Without the pictures, give the entries below again exactly as written.

*** Material shown Section Begins ***

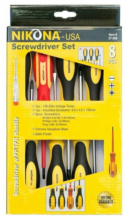 Отзывы на Набор отверток NIKONA с Тестером напряжения (125-250V) и с изоляцией (8пр) 27-268
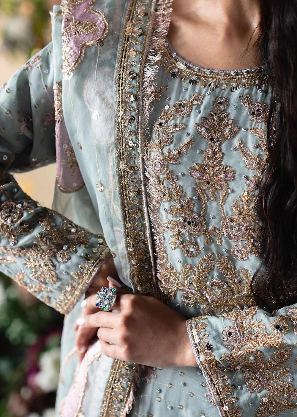 • Intricate traditional embroidery for a formal look
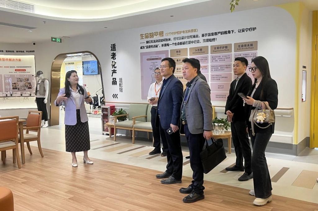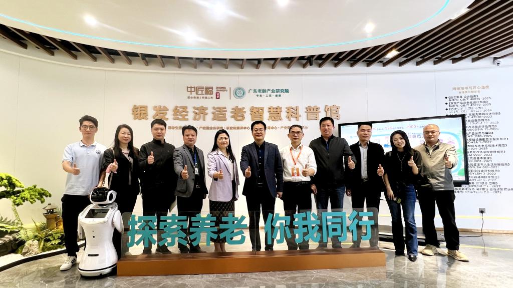 考察期间,在卢春献总经理、古武秘书长的陪同下,伏焕昌常务副校长一行实地参观了中匠福银发经济适老智慧科普馆。据悉,该科普馆由广东老龄产业研究院发起,围绕“机构、社区、居家”三大养老场景,打造沉浸式“全生命周期养老科普门户”,是展示适老化产品、推动产业标准建立、促进跨界合作的重要窗口,集中展现了中匠福公司在适老化产品创新、智能制造应用等方面的丰硕成果,让考察团对适老化产业发展现状与未来趋势有了更直观、全面的认识。
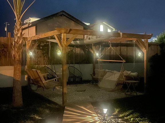 Adorable duplex on the quiet East End close to St. Andrews State Park! Each unit has 2 bedrooms and 1 bathroom with large separate laundry rooms. Large closets and extra storage closets inside! Double concrete driveway. Fully fenced yard. 2 outdoor showers. Custom built swing set. Palm trees. Close to Dollar General Market. Less than 5 minute walk to the beach! Golf cart assessible. New roof 2019. New septic 2017. Unit B got new appliances in 2018. Unit A got new appliances in 2023. Rent one unit and live in the other!
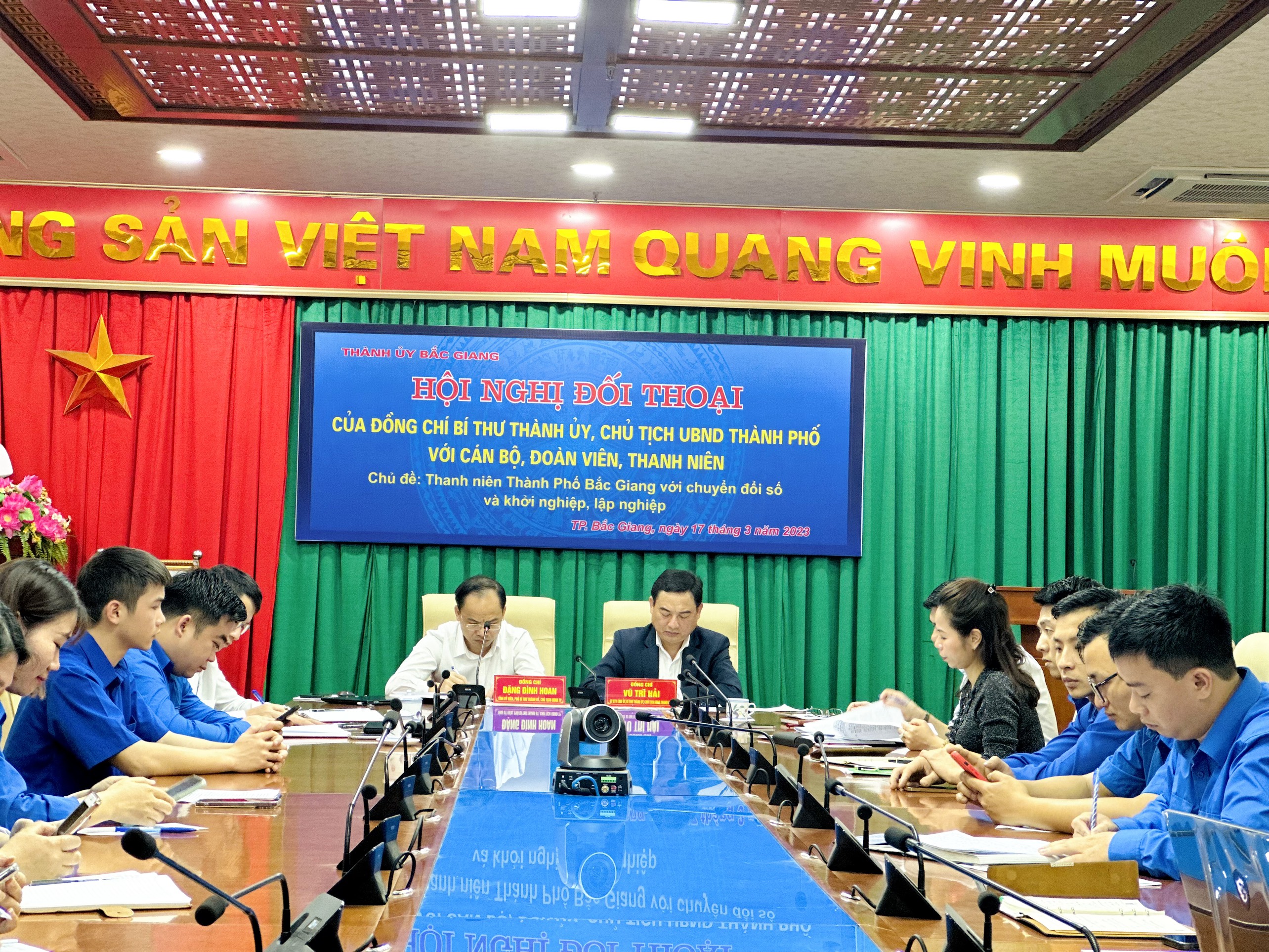 Đồng chí Bí thư Thành uỷ và Chủ tịch UBND thành phố đối thoại với cán bộ, đoàn viên, thanh niên

*** Material shown Section Ends ***

Reply to the exercise:
 Отзывы на Набор отверток NIKONA с Тестером напряжения (125-250V) и с изоляцией (8пр) 27-268
 • Intricate traditional embroidery for a formal look
 考察期间,在卢春献总经理、古武秘书长的陪同下,伏焕昌常务副校长一行实地参观了中匠福银发经济适老智慧科普馆。据悉,该科普馆由广东老龄产业研究院发起,围绕“机构、社区、居家”三大养老场景,打造沉浸式“全生命周期养老科普门户”,是展示适老化产品、推动产业标准建立、促进跨界合作的重要窗口,集中展现了中匠福公司在适老化产品创新、智能制造应用等方面的丰硕成果,让考察团对适老化产业发展现状与未来趋势有了更直观、全面的认识。
 Adorable duplex on the quiet East End close to St. Andrews State Park! Each unit has 2 bedrooms and 1 bathroom with large separate laundry rooms. Large closets and extra storage closets inside! Double concrete driveway. Fully fenced yard. 2 outdoor showers. Custom built swing set. Palm trees. Close to Dollar General Market. Less than 5 minute walk to the beach! Golf cart assessible. New roof 2019. New septic 2017. Unit B got new appliances in 2018. Unit A got new appliances in 2023. Rent one unit and live in the other!
 Đồng chí Bí thư Thành uỷ và Chủ tịch UBND thành phố đối thoại với cán bộ, đoàn viên, thanh niên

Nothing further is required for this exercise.